__Problem to solve__.
Transcribe exactly the lines from the top of the records below through the line that holds "游戏开始后,把右边工具箱里的", both included, with no pictures.

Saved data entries
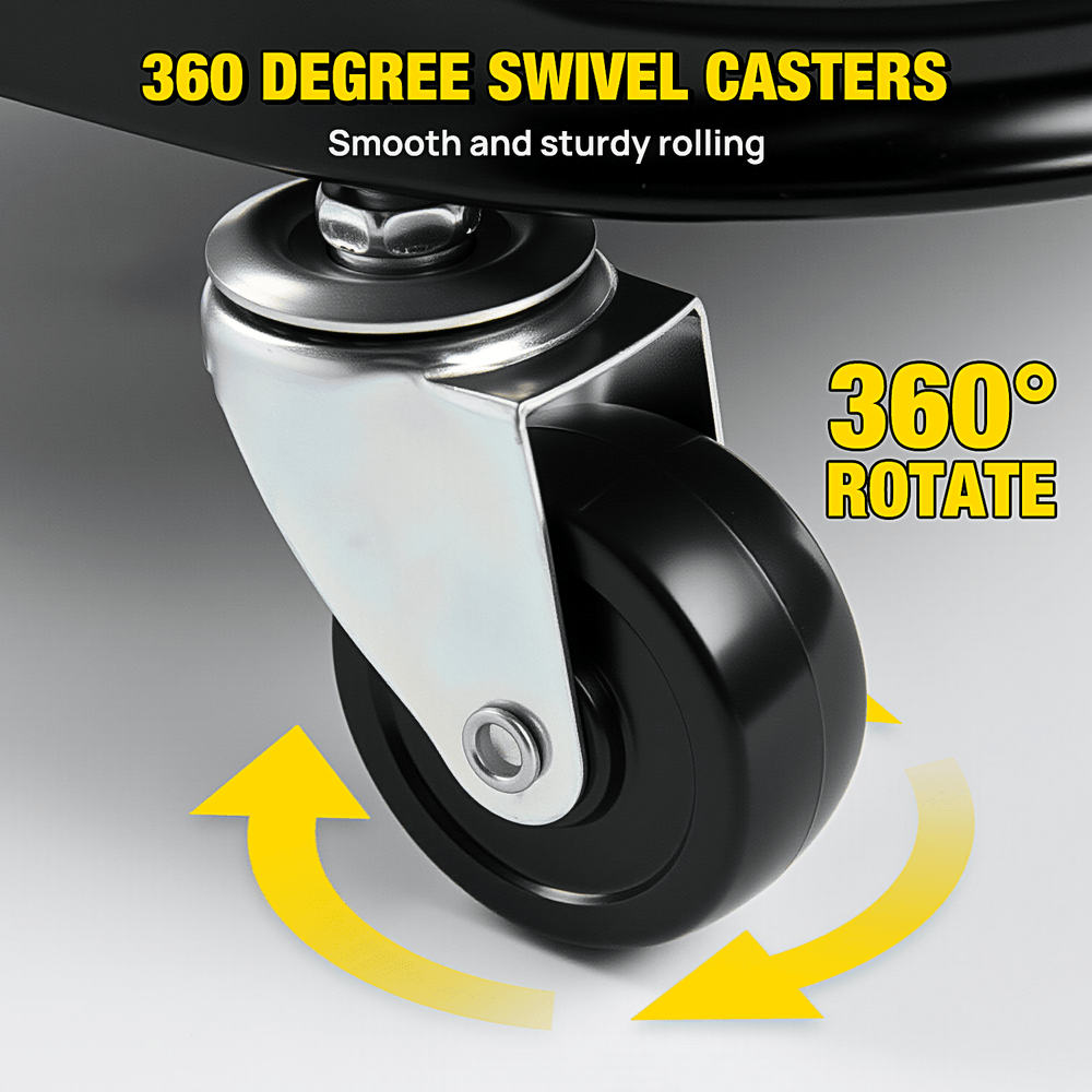 360 Degree Swivel Casters: our rolling mechanic stools are equipped with 360 degree swivel casters for easy manoeuvrability in tight spaces. Slides smoothly in any direction, providing flexibility and ease of use.
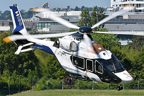 Le nouvel hélicoptère H160 d'Airbus Helicopters à l'héliport d'Issy les Moulineaux. Avec son design très réussi et ses nombreuses innovations, le H160 succèdera au Dauphin dans la gamme du constructeur, il vient d'être retenu par les armées françaises. Jusqu'ici seules des maquettes ont été présentées au public. L'appareil photographié est le second prototype, qui a volé l'an dernier aux Etats-Unis. Il effectuait des vols pour des clients VIP en marge du Salon aéronautique du Bourget
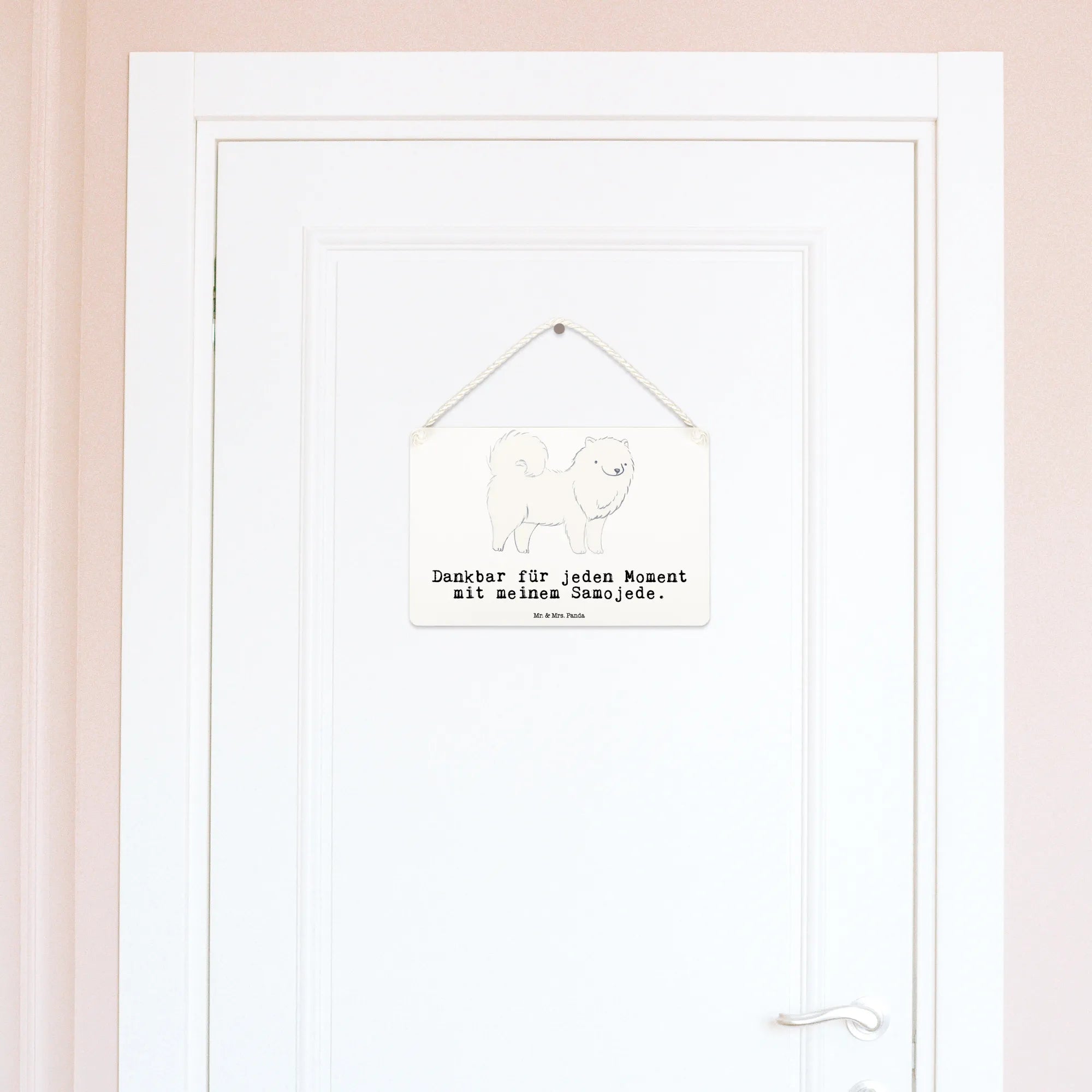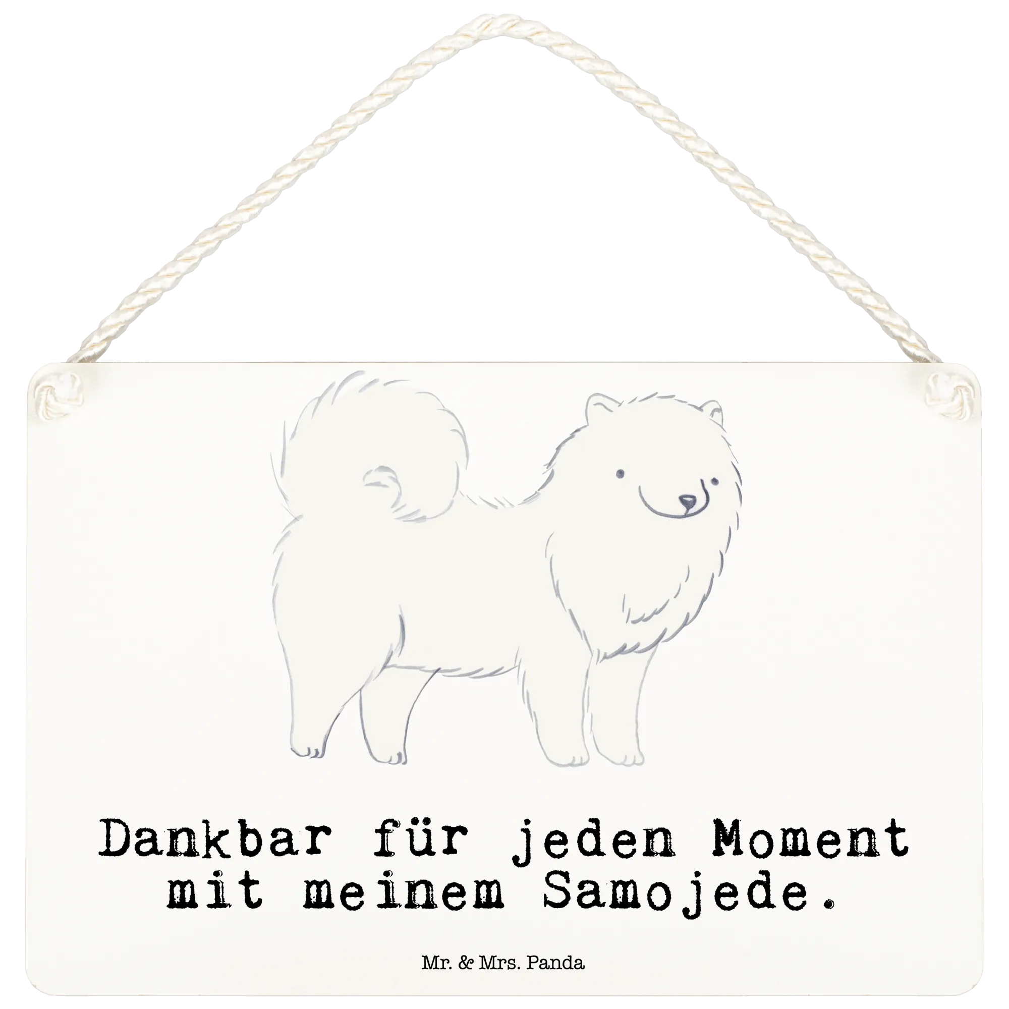 Das Deko Schild "Samojede Moment" von Mr. & Mrs. Panda ist das perfekte Geschenk für alle Hundeliebhaber und Samojede-Besitzer! Mit seinem liebevollen Design und dem süßen Spruch "Dankbar für jeden Moment mit meinem Samojede" bringt dieses Schild genau die richtige Portion Freude in dein Zuhause.
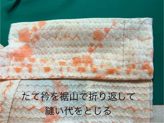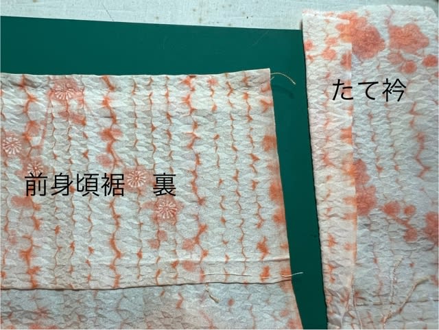 3 縫い糸を取ると、やっとたて衿と前身頃裾が別れました(裾から20㎝ほど)
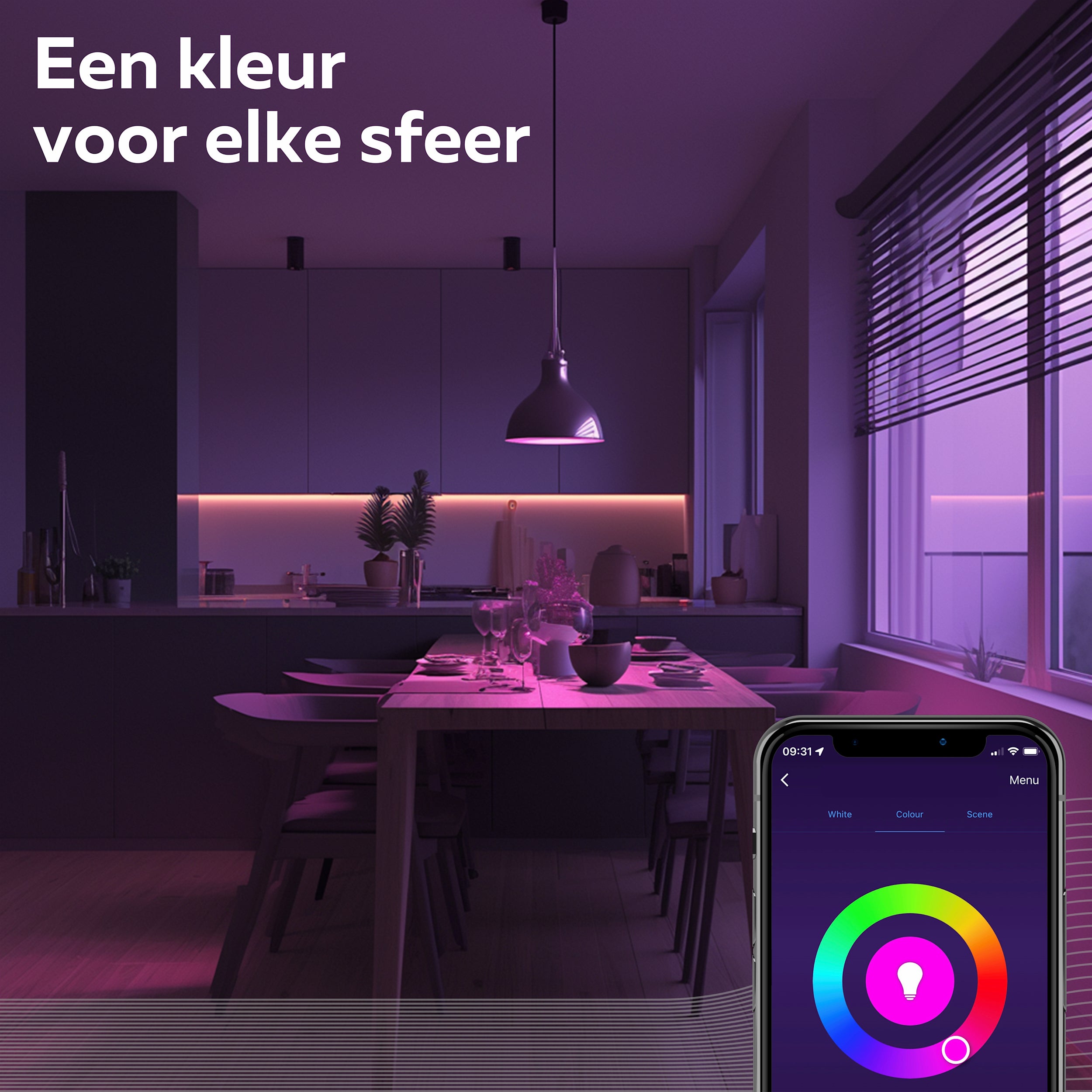 - Kies uit warmwit tot koelwit licht of 16 miljoen kleuren
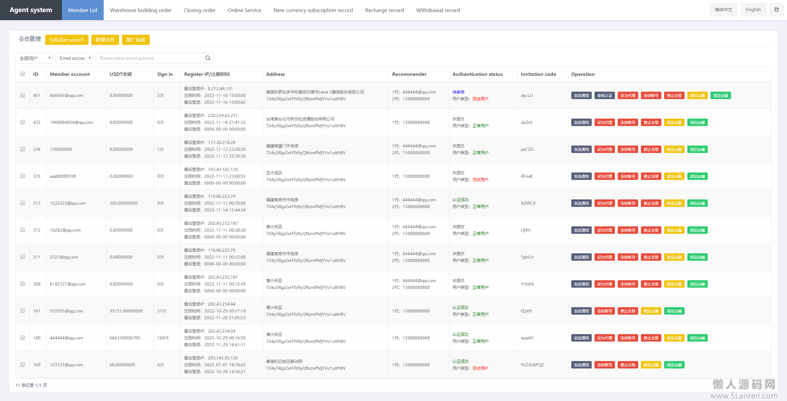 代理可以直接在后台添加会员账户,添加后直接成为自己下面的一级用户
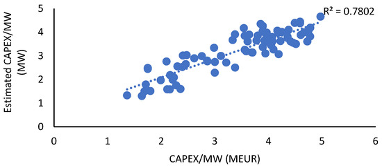 Correlation between real and estimated CAPEX/MW values.
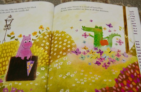 A crocodile named Norris, by all accounts a shiny, happy creature (“who danced everywhere he went, even uphill”), doesn’t have any experience with grief—though he has something equally valuable. He has curiosity. He comes upon Elba, sitting on her block, and asks her to a picnic.
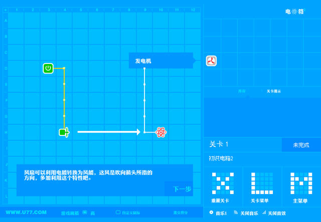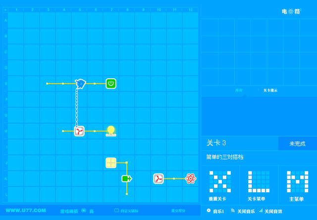 游戏开始后,把右边工具箱里的工具用鼠标拖到左边工作区相应的位置,然后开启基础电源,让工作区的“工作流”产生连锁反应,最终驱动目标开关就可以过关了。
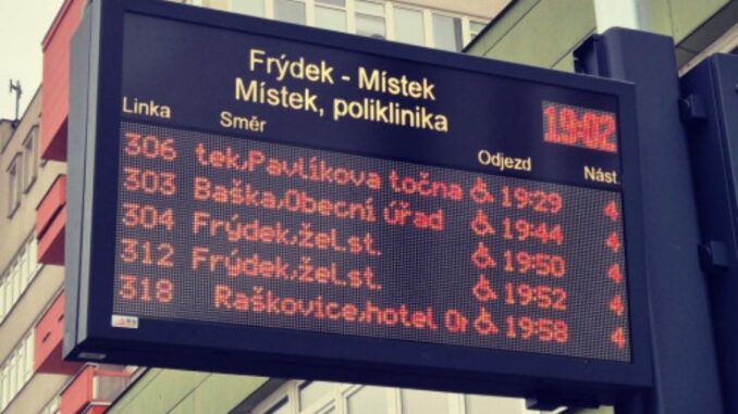 FRÝDEK-MÍSTEK – Cestování MHD by se pro cestující ve městě mohlo stát ještě komfortnějším. Do systému, který informuje ve městě občany o příjezdech a odjezdech autobusů,  přibydou 3 velké LED panely a 6 e-paper panelů. S dalším rozšířením naváže dopravce. Frýdek-Místek tak bude patřit v Moravskoslezském kraji mezi města s nejsilnější informačně-dopravní digitální síť.
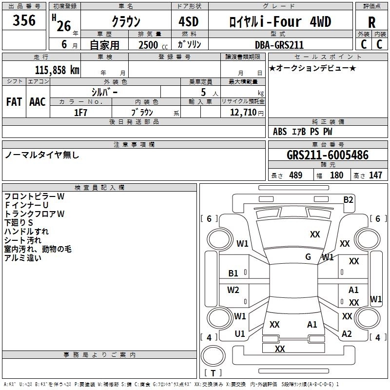 ROYAL I-FOUR DBA-GRS211 4GR-FSE Full-time 4WD 6AT 2499cc 203ps(149kW)/6400rpm AИ-92 3 908 572
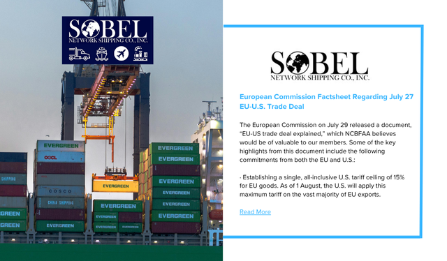 The European Commission on July 29 released a document, “EU-US trade deal explained,” which NCBFAA believes would be of valuable to our members. Some of the key highlights from this
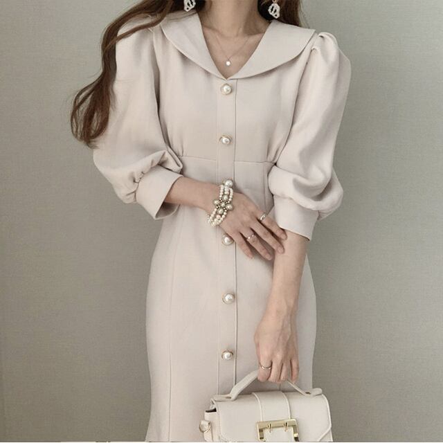 ワンピース レディース マーメイドワンピ ドレス S M L ブラック 黒 アプリコット 春 秋 7分袖 七分袖 パフスリーブ Vネック 襟付き タック パールボタン マーメイドライン 美ライン 美シルエット 裾フレア ロング丈 ロング ミモレ丈 膝下 ハイウエスト 脚長 スタイルアップ フェミニン ナチュラル きれいめ きれカジ カジュアル モテ ガーリー キュート 大人 大人可愛い 存在感 主役級 こなれ感 ぬけ感 デート お出かけ お呼ばれ クラシカル きちんと感 上品 シック 韓国 オルチャン
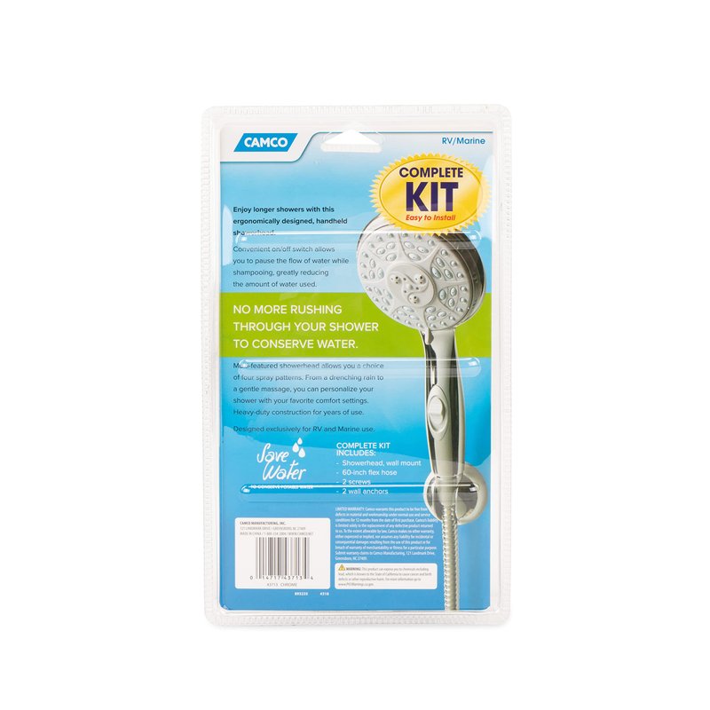 Camco 43713 RV Shower Head Kit with On/Off Switch and 60" Flexible Shower Hose (Chrome)
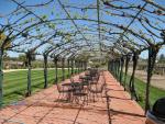 [quote name='Passant the Weak' timestamp='1303838708' post='83450'] I slightly disagree with your saying vines would provide shadow... They wouldn't be high enough if we have a sunny area, because the vines would be cut somehow low enough to limit the grape number and allow the sun to illuminate them with no limitation [/quote] Do a google image search using the term "grape arbor" and you will see grape arbors can indeed provide plenty of shade. I picked a few images to post here to give an idea. We have a limited space to work with and traditional row agriculture systems may not be suited to the diversity of elements we wish to include. A healthy ecosystem is not necessarily one that provides peak production in the short term. In my own experience, grapes grown long and trained to specific types of structures are less productive in the short term than cultivated rows. At the same time, the grapes' ability to vine out in any direction and be trained can provide for many more functions which can make the garden as a whole more healthy, productive, and pleasant. [quote name='Passant the Weak' timestamp='1303838708' post='83450'] They have basically the same role as rosebushes: they are sensible to the same diseases (oidium or however it is called in English) as the vines. [/quote] I know which disease you speak of, which is the powdery mildew. This can be indeed a pain to deal with. My experience with grapes and powdery mildew is that certain varieties are more susceptible than others. As I understand it, traditional wine grapes often among the more susceptible varieties. As with any fungus, the best way to deal with powdery mildew is to allow spaces for air and sunlight to penetrate the plants and keep the powdery mildew from forming in the first place. This is usually accomplished through hard pruning. One benefit to hillside design is the natural flow of air up hills during sunlight hours (of which we have many in MD). By directing the airflow using windbreak plants and hard structures, we could possibly create what is essentially a wind tunnel, to keep a constant breeze where the grapes grow. If it were a series of grape arbors over top of the path, this could be accomplished so long as there are no sharp turns, especially if the path follows the natural drainage path of the hill, which already serves as a natural wind tunnel.
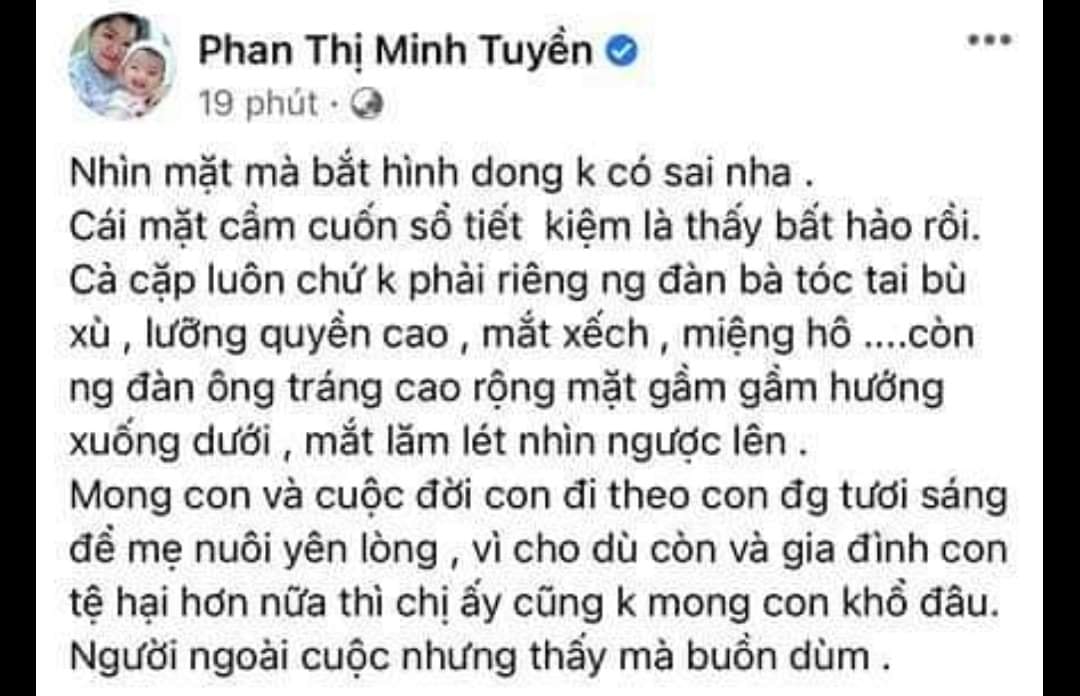 Cụ thể, trong bài đăng này, Minh Tuyền đề cập đến vấn đề tướng mạo của gia đình Hồ Văn Cường: “Nhìn mặt mà bắt hình dong không có sai nha. Cái mặt cầm cuốn sổ tiết kiệm là thấy bất hảo rồi. Cả cặp luôn chứ không phải người đàn bà tóc tai bù xù, lưỡng quyền cao, mắt xếch, miệng hô...còn người đàn ông trán cao rộng mặt gầm gầm hướng lên xuống dưới, mắt lăm lét nhìn ngược lên.

__Completed task__.
 360 Degree Swivel Casters: our rolling mechanic stools are equipped with 360 degree swivel casters for easy manoeuvrability in tight spaces. Slides smoothly in any direction, providing flexibility and ease of use.
 Le nouvel hélicoptère H160 d'Airbus Helicopters à l'héliport d'Issy les Moulineaux. Avec son design très réussi et ses nombreuses innovations, le H160 succèdera au Dauphin dans la gamme du constructeur, il vient d'être retenu par les armées françaises. Jusqu'ici seules des maquettes ont été présentées au public. L'appareil photographié est le second prototype, qui a volé l'an dernier aux Etats-Unis. Il effectuait des vols pour des clients VIP en marge du Salon aéronautique du Bourget
 Das Deko Schild "Samojede Moment" von Mr. & Mrs. Panda ist das perfekte Geschenk für alle Hundeliebhaber und Samojede-Besitzer! Mit seinem liebevollen Design und dem süßen Spruch "Dankbar für jeden Moment mit meinem Samojede" bringt dieses Schild genau die richtige Portion Freude in dein Zuhause.
 3 縫い糸を取ると、やっとたて衿と前身頃裾が別れました(裾から20㎝ほど)
 - Kies uit warmwit tot koelwit licht of 16 miljoen kleuren
 代理可以直接在后台添加会员账户,添加后直接成为自己下面的一级用户
 Correlation between real and estimated CAPEX/MW values.
 A crocodile named Norris, by all accounts a shiny, happy creature (“who danced everywhere he went, even uphill”), doesn’t have any experience with grief—though he has something equally valuable. He has curiosity. He comes upon Elba, sitting on her block, and asks her to a picnic.
 游戏开始后,把右边工具箱里的工具用鼠标拖到左边工作区相应的位置,然后开启基础电源,让工作区的“工作流”产生连锁反应,最终驱动目标开关就可以过关了。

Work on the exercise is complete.